Please reproduce all of the data below exactly, leaving each picture out.

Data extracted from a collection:

════════════════

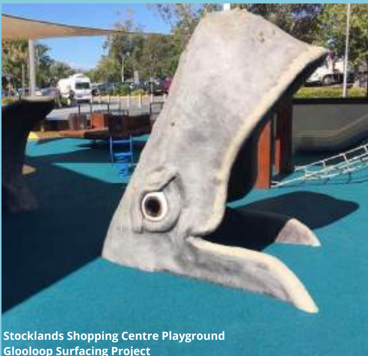
Stocklands Shopping Centre Playground Glooloo Surfacing Project
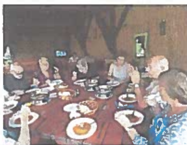
Enjoying local food always seems to feature large in the itinerary of the visit.

New members to this 'holiday experience' found their days full and, sometimes, a little frantic. There was, however, plenty of time in the programme to meet old friends and make new ones.
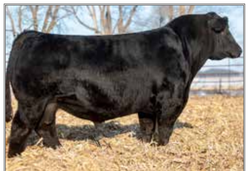
W/C DOUBLE DOWN 5014E $105,000 SIRE OF LOT 15

This particular creature brings a multitude of production tied to this very sale when it was a fall and spring event. 261K is a granddaughter of the past Kansas City Champion known as CRSS Lady Done It. Her dam is a direct daughter of MR HOC Broker, and that stamp of phenotypic excellence was placed here. This heifer was another raised by a two-year-old through the adverse weather pattern we experienced this summer. Her hair has been a challenge, but it will come, and it will be good when it gets there. Folks this thing is built very good, wild necked, good in her chest, very good on the ground, good in her rib and back shape, and way sound. She is the TRUE SLEEPER of the fall, no questions asked. Period.
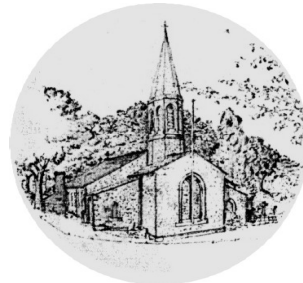
St. George Brockholes
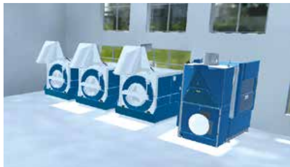
The worldwide first virtual laundry! Interested?
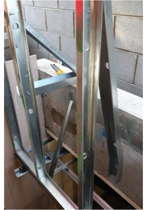
The internal framing of the pool room's cantilever wall.

════════════════

> _REPLY TO THE TASK_:
Stocklands Shopping Centre Playground Glooloo Surfacing Project
Enjoying local food always seems to feature large in the itinerary of the visit.

New members to this 'holiday experience' found their days full and, sometimes, a little frantic. There was, however, plenty of time in the programme to meet old friends and make new ones.
W/C DOUBLE DOWN 5014E $105,000 SIRE OF LOT 15

This particular creature brings a multitude of production tied to this very sale when it was a fall and spring event. 261K is a granddaughter of the past Kansas City Champion known as CRSS Lady Done It. Her dam is a direct daughter of MR HOC Broker, and that stamp of phenotypic excellence was placed here. This heifer was another raised by a two-year-old through the adverse weather pattern we experienced this summer. Her hair has been a challenge, but it will come, and it will be good when it gets there. Folks this thing is built very good, wild necked, good in her chest, very good on the ground, good in her rib and back shape, and way sound. She is the TRUE SLEEPER of the fall, no questions asked. Period.
St. George Brockholes
The worldwide first virtual laundry! Interested?
The internal framing of the pool room's cantilever wall.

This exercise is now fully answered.